"I meant lee bow!" said Bill, anxious to please. "Anyhow, I see a craft, your Honor. I think she is a plate ship from the Spanish Main. Shall we run her down?"
"Give me the glass!" exclaimed the Pirate Captain: and through that instrument, which the ignorant might have mistaken for a battered tin horn, he scrutinized the "craft," which lay on the water at some distance.
"'Tis not a plate ship!" he announced at length. "I think we have had enough plate ships lately. This is a Dutch lugger from Samarcand, laden with raisins and fig-paste and lichi nuts and cream dates. I shouldn't wonder if she had narghiles too, and scimitars,—I need a new scimitar,—and all sorts of things. Up helm, and crowd on all sail in pursuit!"
"Ay, ay, sir! stunsels?"
"Stunsels, balloon-jibs, topgallant spinnakers, royal skyscrapers, everything you can think of. Ha! we are off! Row hard now, Bill! The lubbers are asleep, and we shall run them down easily. Are the cutlasses ready?"
"Ay, ay, sir!"
"Ho! we are gaining on them. Ho, ho! bend to your oars, my hearties! grappling-chains ready there! ho! on to the chase!"

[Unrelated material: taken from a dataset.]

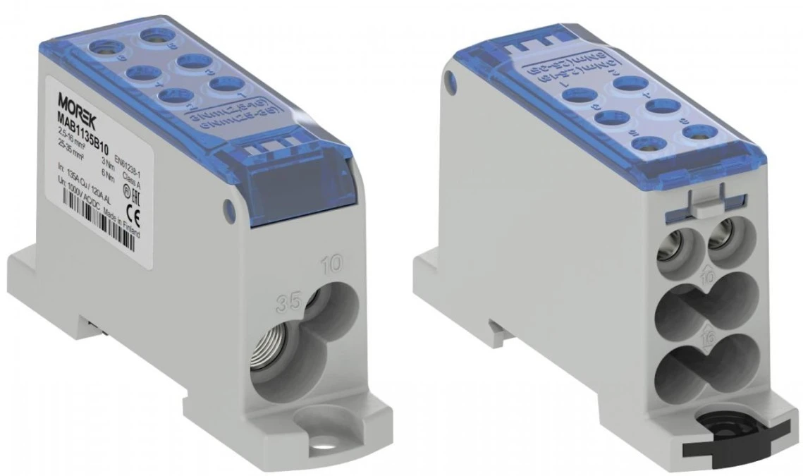6. Blok dystrybucyjny - rozdzielczy OJL135A niebieski AL/CU we:1x2,5-35mm2 /1x2,5-10mm2 wy: 4x2,5-16mm2/2x2,5-10mm2 1000V MAB1135B1 71.57

Now Phil was very busy making a fly for lake trout, and explaining the manufacture of it to Peggy; and Peggy was absorbed in watching him, and in counting the number of separate aches she felt after her first lesson in rowing. Moreover, the bloody pirates had conducted their conversation in a half-whisper, and the wind was the other way. But suddenly, Peggy looked up and saw them, now at only a few yards distance.
"Good gracious!" she cried. "What is it? Do look, Phil!"